‘There was a man with you, my lady,’ he went on, ‘as you drove through Cruhan, and we want to know where he is now.’

‘That concerns you, sir, and not me.’

‘Maybe it does, my lady,’ said he, with a grin; ‘but I suppose you know who you were travelling with?’

‘You evidently don’t remember, sir, whom you are talking to.’

‘The law is the law, miss, and there’s none of us above it,’ said he, half defiantly; ‘and when there’s some hundred pounds on a man’s head, there’s few of us such fools as to let him slip through our fingers.’

‘I don’t understand you, sir, nor do I care to do so.’

‘The sergeant there has a warrant against him,’ said he, in a whisper he intended to be confidential; ‘and it’s not to do anything that your ladyship would think rude that I came up myself.
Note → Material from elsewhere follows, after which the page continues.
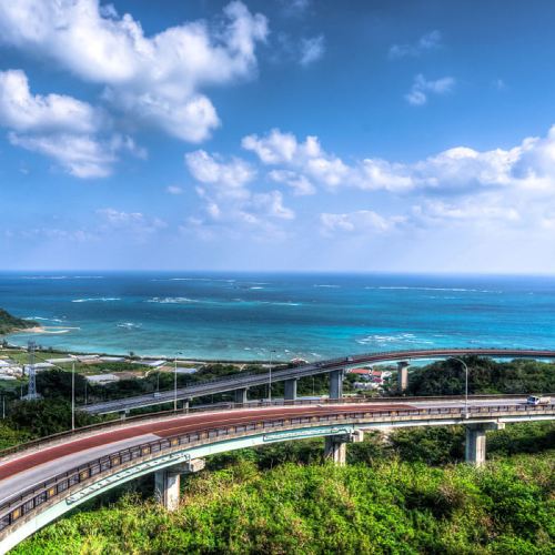 ▲ NIRAIKANAI Bridge NIRAIKANAI is an Okinawan dialect term meaning "the ideal land beyond the horizon." Here, vehicles slow down to a leisurely pace, allowing passengers to admire the breathtaking scenery—a vast expanse of blue sea and sky.
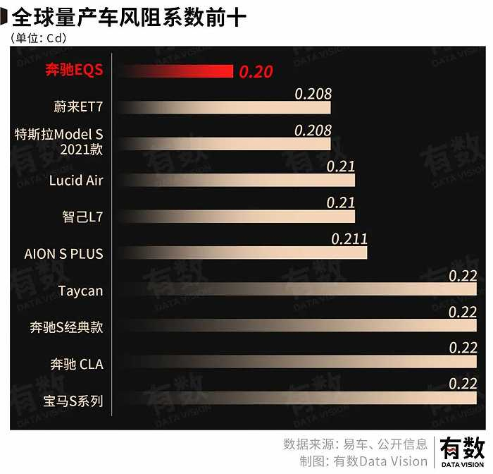 目前,全球风阻系数最低的是奔驰的EQS,风阻系数仅为0.20Cd。

There’s how it is now,’ muttered he, still lower. ‘They want to search the luggage, and examine the baskets there, and maybe, if you don’t object, they’d look through the carriage.’

‘And if I should object to this insult?’ broke she in.

‘Faix, I believe,’ said he, laughing, ‘they’d do it all the same. Eight hundred—I think it’s eight—isn’t to be made any day of the year!’

‘My uncle is a justice of the peace, Mr. Gill; and you know if he will suffer such an outrage to go unpunished.’